The main stats in my head about wind turbines are:
- they are getting larger, the larger the turbine the more cost effective they become and the wider the range of wind at which it can operate (including lower winds which seems counterintuitive)
- they'll typically last at least 20 years before needing replacement
- we can bizarrely get these suckers to float, meaning they can pretty much be deployed anywhere.

 
I want to know how much carbon these big wind turbines take to manufacture, ship and install. When I was in uni a lecturer once said that due to their complexity and size + the fact that they're shipped around the world during manufacture + can't generate energy during either high (spin too fast and break themselves apart) or low winds (not enough energy to spin) + extended downtime for maintenance, all meaning that they take a long, long time to even break even. I don't know how accurate that was (it was a lecture on energy use in buildings), or if things have changed, or if it factored in the current surplus of energy currently wasted during high output/low consumption periods (windy nights).

They're undoubtedly great for the UK's advertised carbon footprint, but we might be offsetting that carbon somewhere else in the world where they're manufactured.

I hope I'm wrong here, because I'm all for capturing the abundance of wind energy we have as an island. I lived a couple of miles from a wind farm growing up and used to go mountain biking around the gravel roads used to service them, and have zero issues about their noise or visual 'polution'.

An ideal solution for capturing the waste energy is by generating hydrogen, I believe this would be better than huge battery farms, at least for the time being.
One thing uni taught me is that many lecturers actually don't know all that much whilst having massive egos (plus acting like uni is just an extension of school rather than students are clients and they are providing a service).

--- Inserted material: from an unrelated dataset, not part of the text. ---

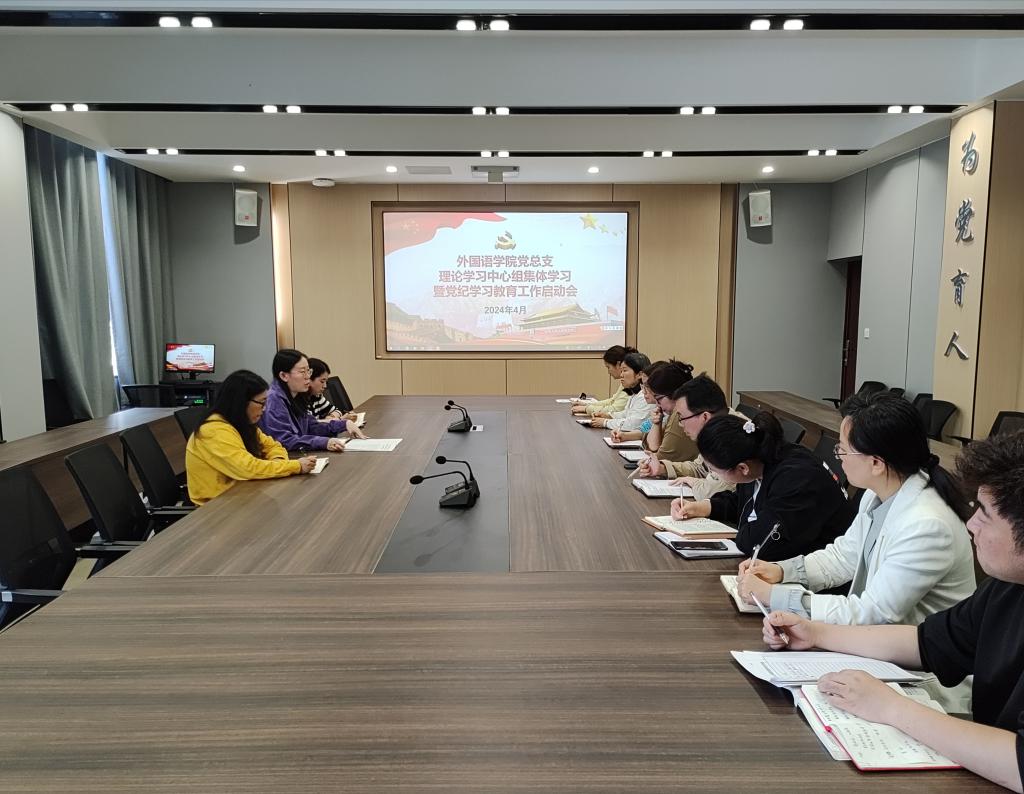 4月23日下午,外国语学院党总支理论学习中心组在外语楼110会议室召开集体学习会暨党纪学习教育工作启动会。中心组全体成员参加了学习。程娇炎主持了集体学习。

I remember when I had an open day at Bath uni, the lecturer did more to put me off going there than anything else. He just spent OUR open day ranting about architects and saying the people of Hong Kong were stupid for building vertically and they should build outwards instead. The guy was a complete fruitcake just using what should have been an episode in selling the uni to just air his own misguided grievances.

Another at the uni I actually went to tried to make out we were less resourceful than Africans he met because they knew how to repurpose a car battery and we didn't. He also went on and on about how we absolutely must meet deadlines or he wouldn't mark out work but then would return it a week late.